Workbench guidance
Use the modules from left to right for the first build. Return to assumptions, line items, and scenarios whenever evidence changes. Save named versions at meaningful review points so later reports can be tied to the exact case seen by decision makers.
Data-entry conventions
- Use one concept per line item and names a non-author can recognize.
- Store cash as positive amounts; direction determines whether it enters or leaves the model.
- Use month numbers consistently: the first modeled month is month 0.
- Prefer drivers such as units Ć rate when they explain the amount better than a fixed total.
- Use manual monthly values only where the profile cannot be expressed clearly by frequency and growth.
- Disable obsolete items instead of reusing them for a different concept when traceability matters.

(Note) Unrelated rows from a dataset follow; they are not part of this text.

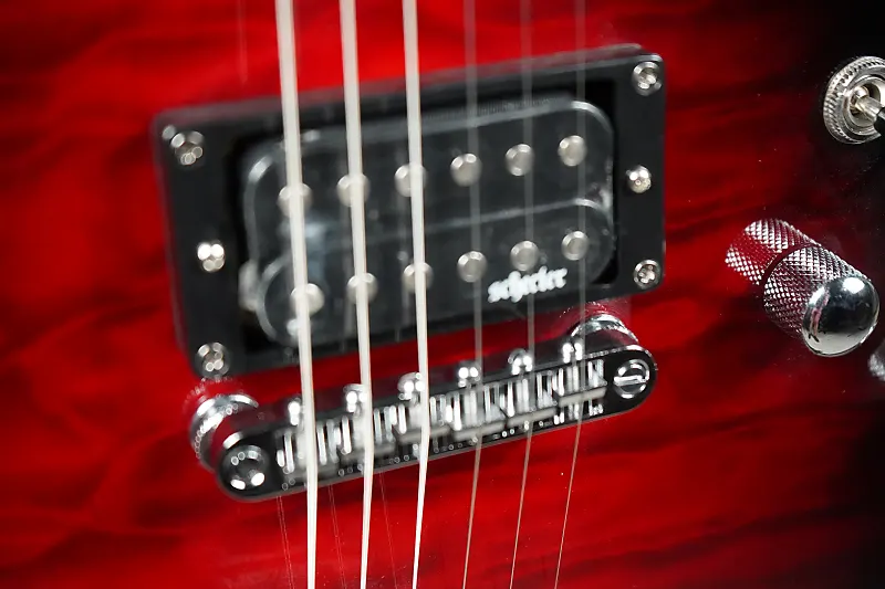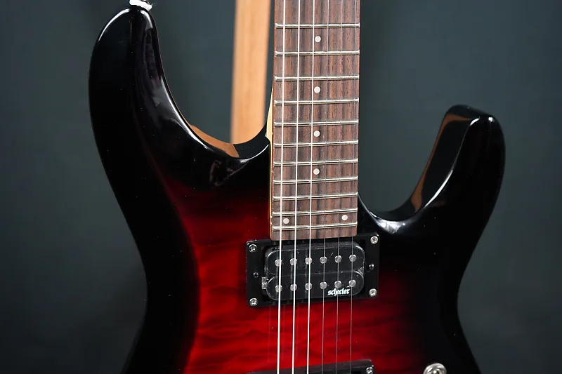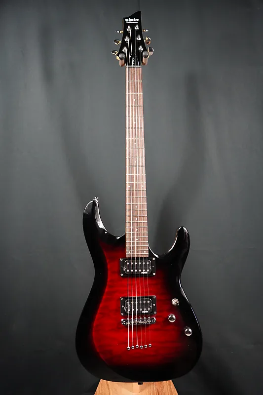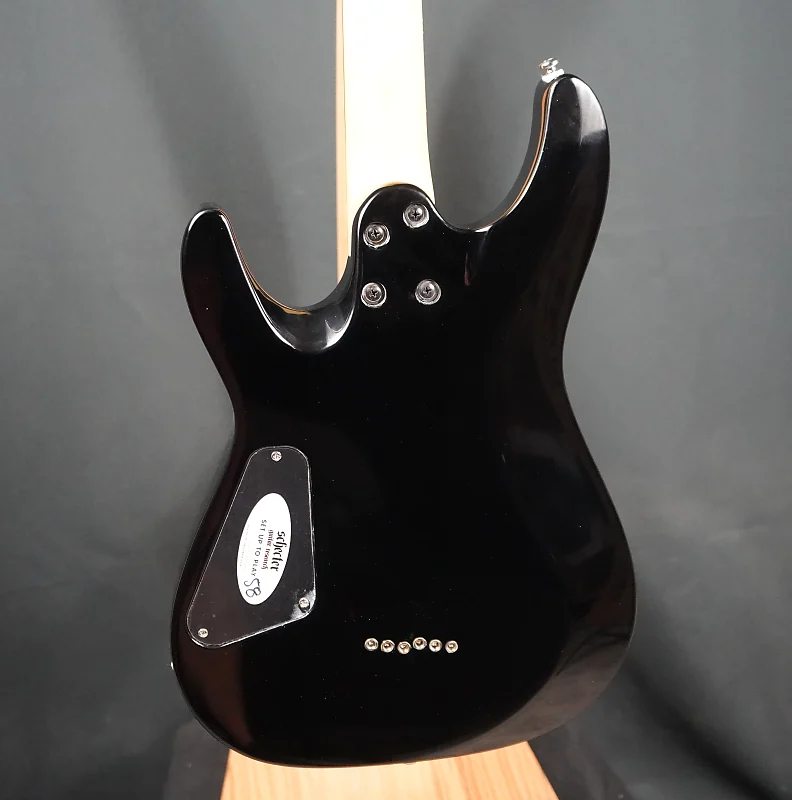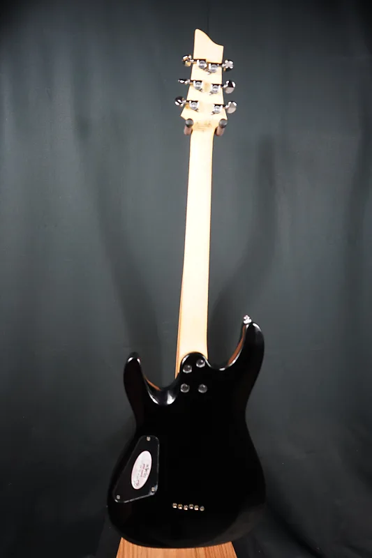 Палисандровый гриф оснащен 24 экстра-джамбо-ладами на ультраплоском радиусе 14 дюймов, что облегчит изгибание струн без усилий. Панель управления включает в себя регуляторы общей громкости и тембра, а также 3-позиционный тумблер селектора звукоснимателей. Завершает аппаратное обеспечение набор тюнеров Schecter для плавной и точной настройки.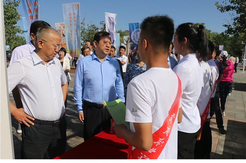 活動現(xiàn)場,學院制作展示了愛糧節(jié)糧主題展板,組織志愿者向市民發(fā)放倡議書1000余份。市委書記柳鵬一行來到學院展區(qū)參觀指導(dǎo)工作,柳鵬詳細詢問了學生食堂日常浪費情況和學院文明就餐教育工作,并對學院教育引導(dǎo)工作予以肯定,勉勵同學們要帶頭發(fā)揚優(yōu)良傳統(tǒng),珍惜每一粒糧食,杜絕浪費,當好勤儉節(jié)約的排頭兵。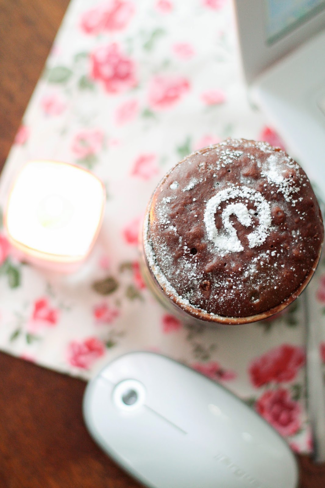 Et voici mon clin d’oeil à Pinterest (et au tableau Chocolat ^^), un mug cake bien chocolaté et incroyablement moelleux !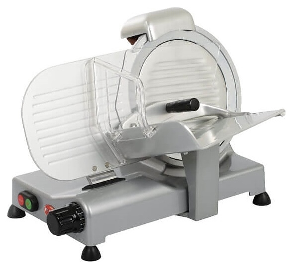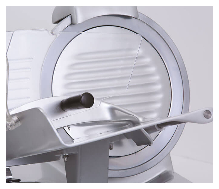 Слайсер RGV Lusso 22 GS Prof предназначен для нарезки мяса, сыров, колбасных изделий, хлеба и других гастрономических изделий на ровные ломтики на предприятиях общественного питания, торговли и пищевой промышленности. Модель оснащена наклонным дисковым ножом. Основание выполнено из алюминия, покрытого пригодной для контакта с пищевыми продуктами краской, лезвие – из закаленной шлифованной стали с твердым хромированным покрытием, крышка ножа, лоток для продуктов и перегородка для регулировки нарезки – из анодированого алюминия с полированным покрытием, защитный экран – из плексигласа.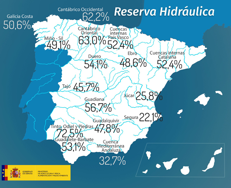 La reserva hidráulica española está al 48,2% de su capacidad total. Los embalses almacenan actualmente 27.009 hectómetros cúbicos (hm³) de agua, lo que representa un ligero aumento de la capacidad total de los embalses, 7 hectómetros cúbicos más con respecto a los niveles de la semana anterior.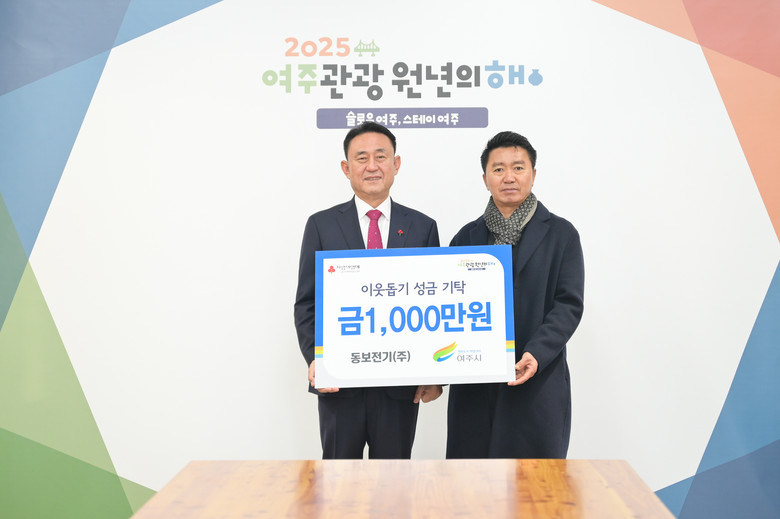[여주시 세계타임즈=송민수 기자] 지난 30일 동보전기(대표 전충종) 및 주식회사 부광에너지(대표 변우석)는 여주시(시장 이충우)를 방문하여 관내 저소득층을 위한 이웃돕기 성금으로 각 1,000만원을 기탁하였다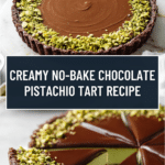This no-bake chocolate tart with pistachio paste is a rich and creamy dessert that combines the deep flavor of dark chocolate with the nutty sweetness of pistachios. It’s perfect for anyone looking for an impressive yet easy-to-make treat that requires no oven time.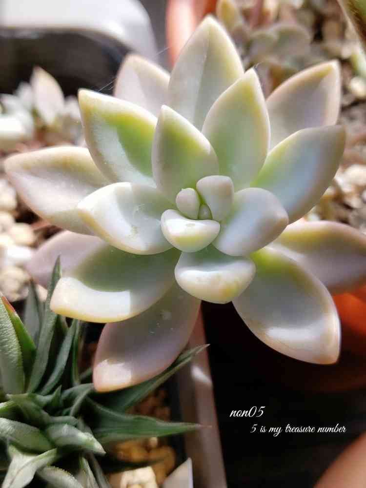 薄いピンクと黄緑色の葉っぱで薄っすらお粉をまとっています🤭

- Link high-value lines to assumptions or evidence and explain material overrides.
Quality checklist
- Decision question, owner, horizon, currency, and reserve are explicit.
- Income and all startup, operating, financing, and contingency costs are considered.
- High-impact assumptions have owners and validation actions.
- Base and downside cases are credible and materially different.
- The cash low point occurs within the chosen horizon or the horizon is extended.
- Funding sources and approval conditions cover any reserve shortfall.
- NPV, ROI, payback, and IRR are interpreted with their limitations.
- Recorded recommendation, calculated signal, rationale, risks, and conditions are internally consistent.
- AI-generated content is disclosed and reviewed by a person.
- The board report is generated from the approved saved version.
When the data cannot support a responsible choice, defer is a valid outcome. Specify the evidence or milestone needed to return to the decision rather than presenting false precision.